Understanding Seq2Seq Neural Networks – Part 2: Embeddings for Sequence Inputs
Source: Dev.to

Recap of Part 1
In the previous article we introduced the sequence‑to‑sequence (Seq2Seq) problem and discussed how to handle variable‑length inputs and outputs.
Handling Variable‑Length Sequences with LSTM
We already know how to use Long Short‑Term Memory (LSTM) units for this purpose.
For example, given the input sentence “Let’s go”:
- Feed “Let’s” into the LSTM.
- Unroll the LSTM and feed “go” as the second input.
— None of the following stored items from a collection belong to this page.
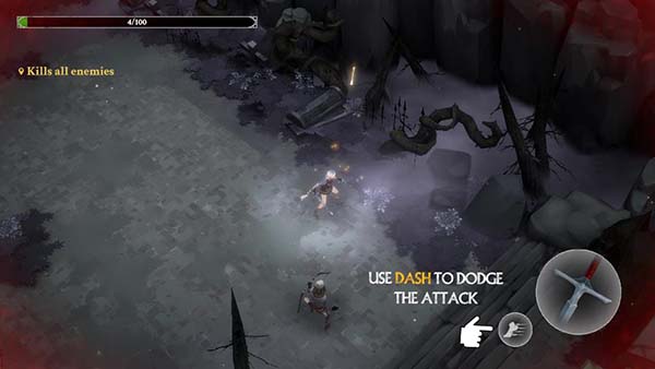 1、進入靈魂獵手地牢官方版游戲后,左手控制角色移動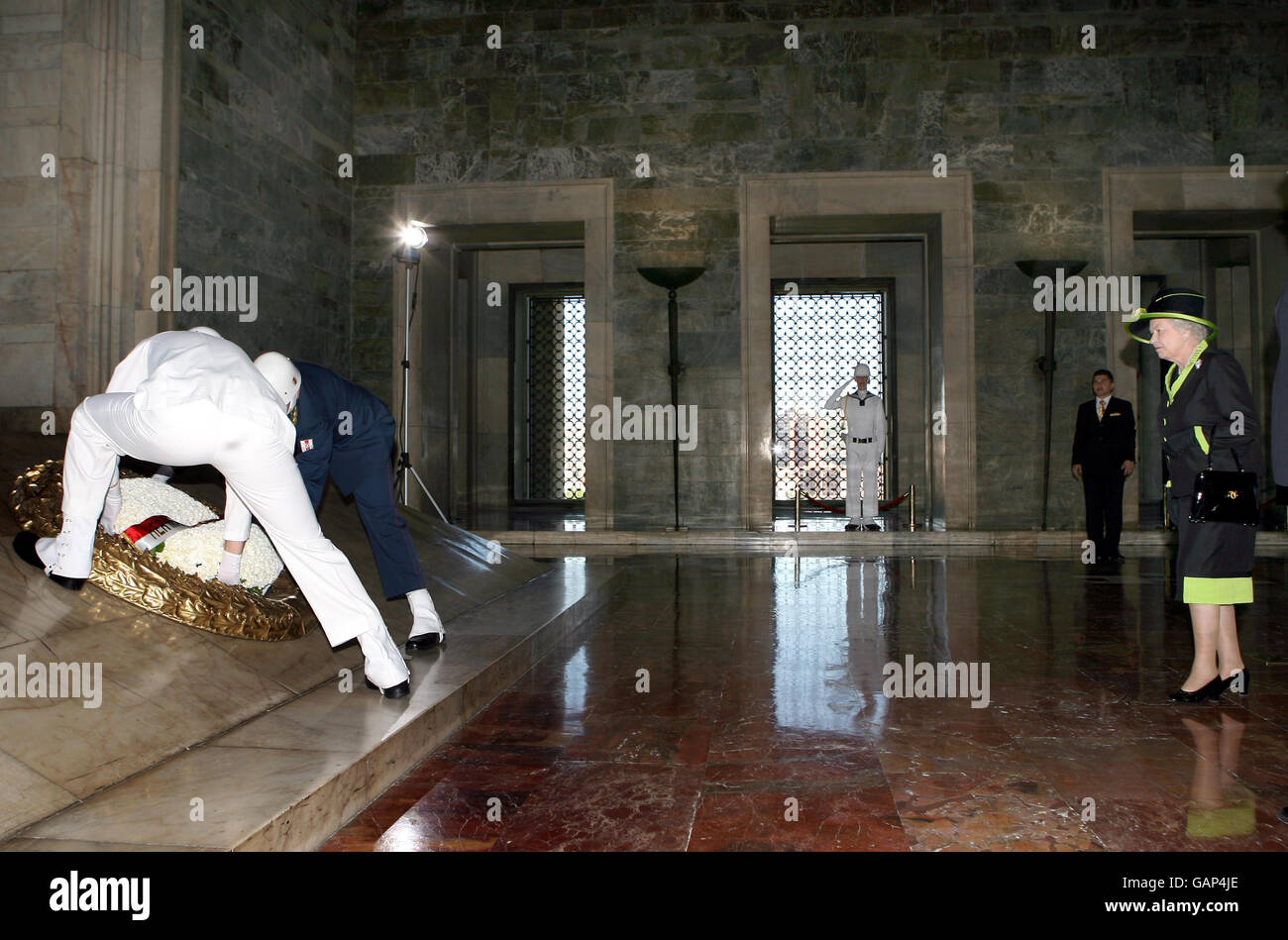 La reine Élisabeth II se penche au cours d'une cérémonie de pose de couronne dans le mausolée d'Anitkabir, pour le mémorial de Mustafa Kemal Ataturk, le premier président de la République de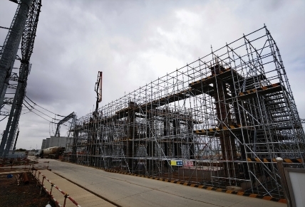在主變防火墻澆筑施工過程中,項(xiàng)目管理部嚴(yán)格執(zhí)行冀北公司有關(guān)規(guī)定,工程所用腳手架為當(dāng)前建筑行業(yè)中推廣使用的“盤扣式”腳手架。其在工程中的應(yīng)用皆在為防火墻整體施工安全提供可靠保證,為實(shí)現(xiàn)防火墻整體工期計劃奠定基礎(chǔ)。 (盤扣式腳手架搭設(shè)5月17日完成。)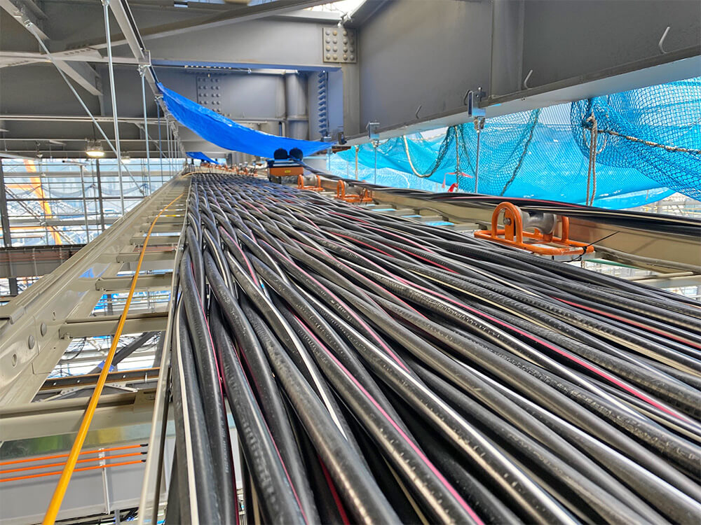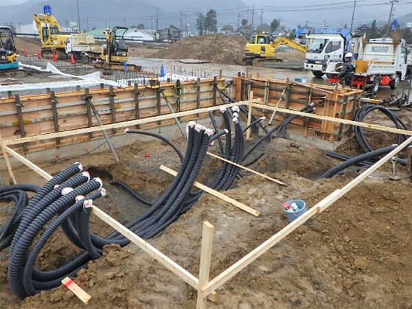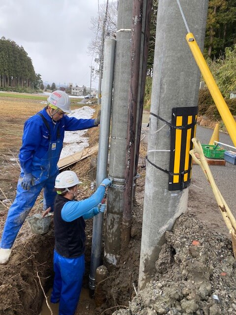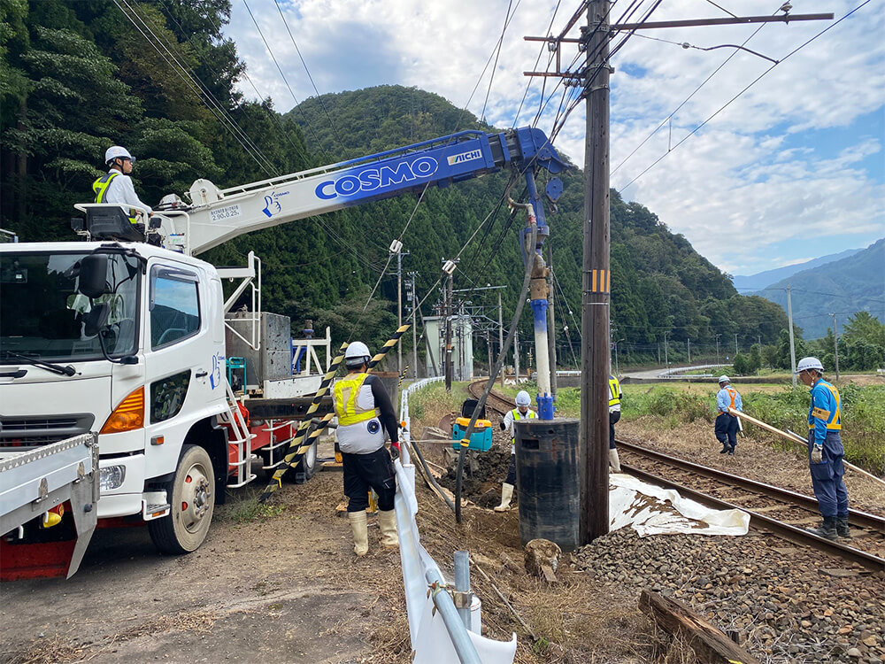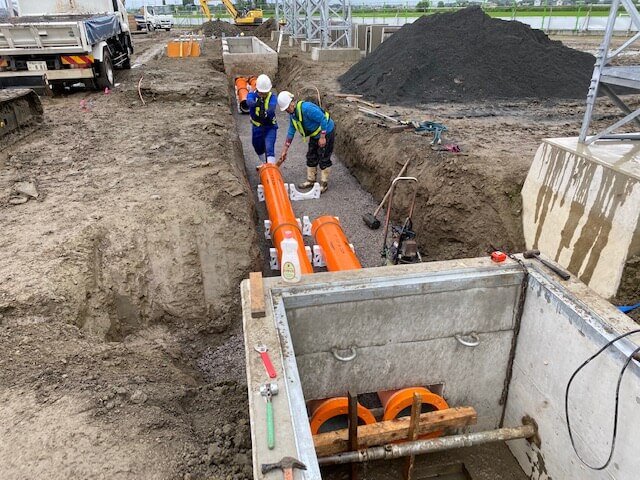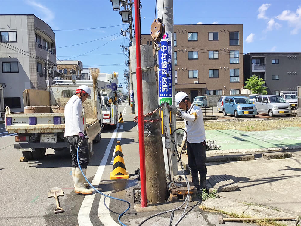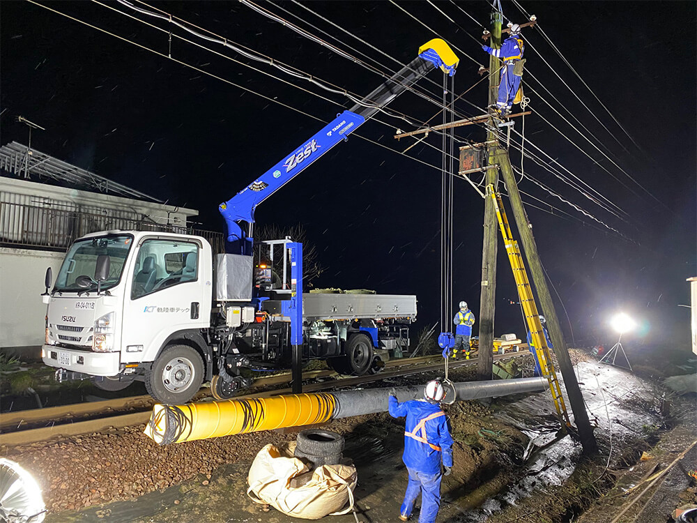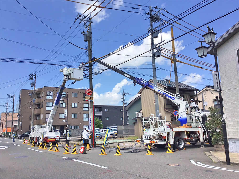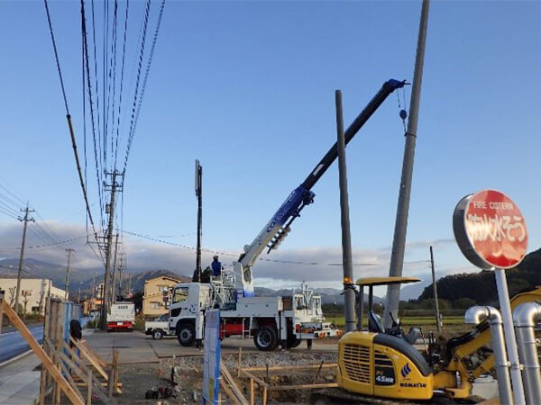 WORKS 01内線工事 受変電設備工事 受電柱建柱状況 柱上開閉器取付状況 キュービクル式高圧受電設備 埋設配管状況 キュービクル据付状況 幹線設備工事 パワーボール設置状況 屋外にてケーブル延線状況 ケーブル延線状況 ケーブル延線状況 電気土木工事 ハンドホール布設状況 グランドネットフェンス用20m柱継柱建柱状況 基礎杭800φ 杭頭処理 基礎杭内削孔状況 WORKS 02配電線工事 コンクリート柱建柱・抜柱工事 コンクリート柱抜柱状況 コンクリート柱切断状況 コンクリート柱切断状況 接地工事 接地線埋設状況 避雷針設置状況 接地棒打ち込み状況 接地線圧縮状況 伐採工事 高所作業車を使用しての枝打ち状況 高圧電線接触ヶ所 伐採状況 WORKS 03外線工事 電気土木工事 特別高圧管路配管状況 PFP管250φ配管状況 地中送電線路工事 深夜作業 配電用路上機器架台基礎設置状況 インターロック施工完了 配電線用管路取替状況 鉄道工事 無線通信工事 24m柱継柱 1接目 25tラフタークレーン建柱 3接目建柱 24mスカイマスター使用 17m柱継柱 垂直状況確認 24m柱継柱 搬入状況 アンテナ金具取付状況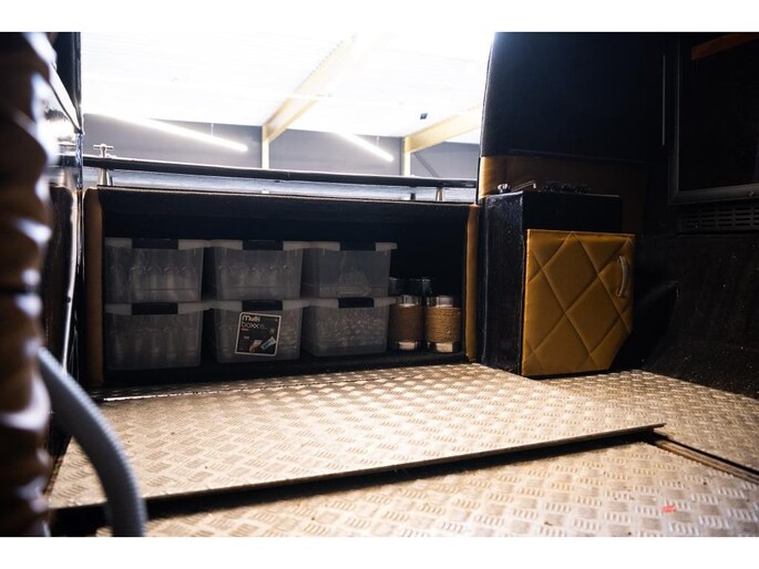 The interior has been designed with a minimalist and elegant approach, perfectly suited to premium champagne service. The Bubbelbus is equipped with two wine/champagne refrigerators, ensuring bottles are always served at the correct temperature. There is one serving point, allowing for controlled and refined presentation. A striking feature is the hydraulically operated service door, which opens via remote control and creates an impressive reveal at any event.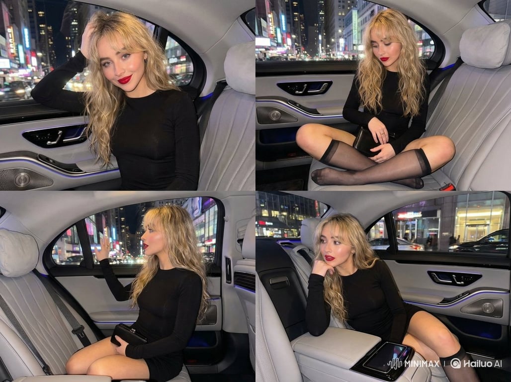 A detailed JSON prompt for Nano Banana Pro to generate an ultra-photorealistic, high-fashion editorial portrait of Sabrina Carpenter in the back seat of a luxury car at night. The prompt specifies warm interior lighting mixed with colorful city lights, her pose (legs pulled up, finger on lip), outfit (black mini dress, sheer stockings), and camera settings (iPhone 15 Pro Max, 9:16 aspect ratio).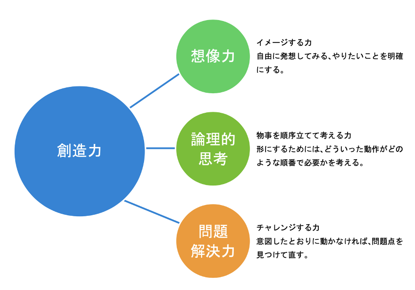 ゲーム作りなどの楽しい題材を元にしながらも、「想像(創造) 〜 思考 〜 問題解決」のサイクルを何度も繰り返して自らの作りたい姿に向けて繰り返し挑戦し、訓練することができることがプログラミング教育の最大のメリットです。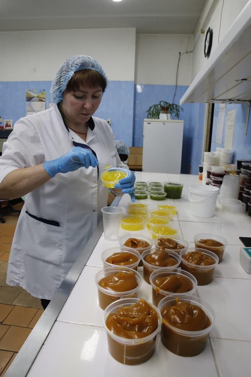Созданные образцы отправляют заказчику. Те испытывают их в выпечке в условиях своего производства. Например, одним нужно, чтобы начинка была термостатичной, то есть выдерживала высокие температуры, не текла из теста и не засыхала на противне. Другим – наоборот, требуются не термостатичные. Обычно на фабриках работает аттестационная комиссия, которая определяет подходит ли одоевская начинка по внешним, вкусовым и технологическим показателям под их изделие. Иногда по ее комментариям мастерам приходится что-то менять в рецептуре, но чаще они попадают в цель с первого раза.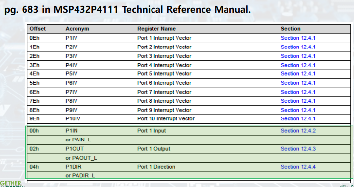 - 예) P1.0: GPIO port 1 (00000001) / pin 0
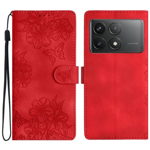 Funda de Cuero con Estampado de Flores y Mariposas para Xiaomi Poco F6 Pro (Rojo)

Embedding Layer for Sequence Inputs
We can’t feed raw words directly into a neural network. Instead, we use an embedding layer to convert each word into a numeric vector.

Vocabulary and Tokens
To keep the example simple, the English vocabulary for our Encoder–Decoder model contains only three words:
- “Let’s”
- “to”
- “go”
It also includes the EOS (End‑of‑Sentence) symbol. Because the vocabulary mixes words and symbols, each element is referred to as a token.
For illustration, we assign two embedding dimensions per token (instead of the typical hundreds or thousands).
Next Steps
Now that we have an embedding layer for the input vocabulary, the next step is to connect it to the LSTM. We’ll explore that in the next article.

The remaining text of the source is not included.